_Work order_
Every line below needs to be printed again exactly, without any of its pictures.

╭─ Available data

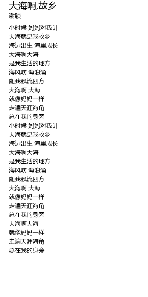 | [00:21.050] | dà hǎi jiù shì wǒ gù xiāng |
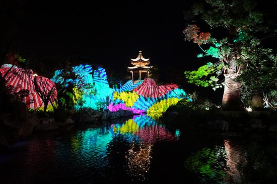 洗尘门、玉清台、缘生池、太虚幻境……19个观赏点让建筑和灯光交相辉映。夜色变得明艳而生动。
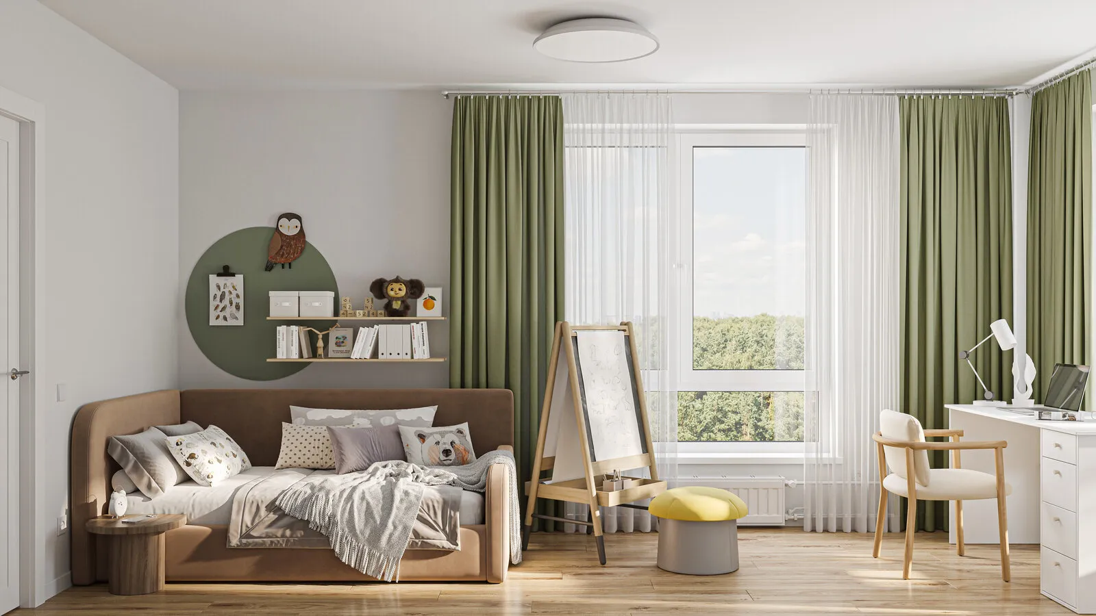 Al niño debe dársele su propio espacio personal. Si no hay posibilidad de equipar una habitación separada, se puede crear artificialmente un rincón aislado con divisores y técnicas decorativas de división espacial. Para el niño en edad preescolar se organiza un espacio amplio para juegos, para el estudiante se prepara un lugar de trabajo cómodo y una zona de descanso separada de otros miembros de la familia.

╰─

_Response for this exercise_
 | [00:21.050] | dà hǎi jiù shì wǒ gù xiāng |
 洗尘门、玉清台、缘生池、太虚幻境……19个观赏点让建筑和灯光交相辉映。夜色变得明艳而生动。
 Al niño debe dársele su propio espacio personal. Si no hay posibilidad de equipar una habitación separada, se puede crear artificialmente un rincón aislado con divisores y técnicas decorativas de división espacial. Para el niño en edad preescolar se organiza un espacio amplio para juegos, para el estudiante se prepara un lugar de trabajo cómodo y una zona de descanso separada de otros miembros de la familia.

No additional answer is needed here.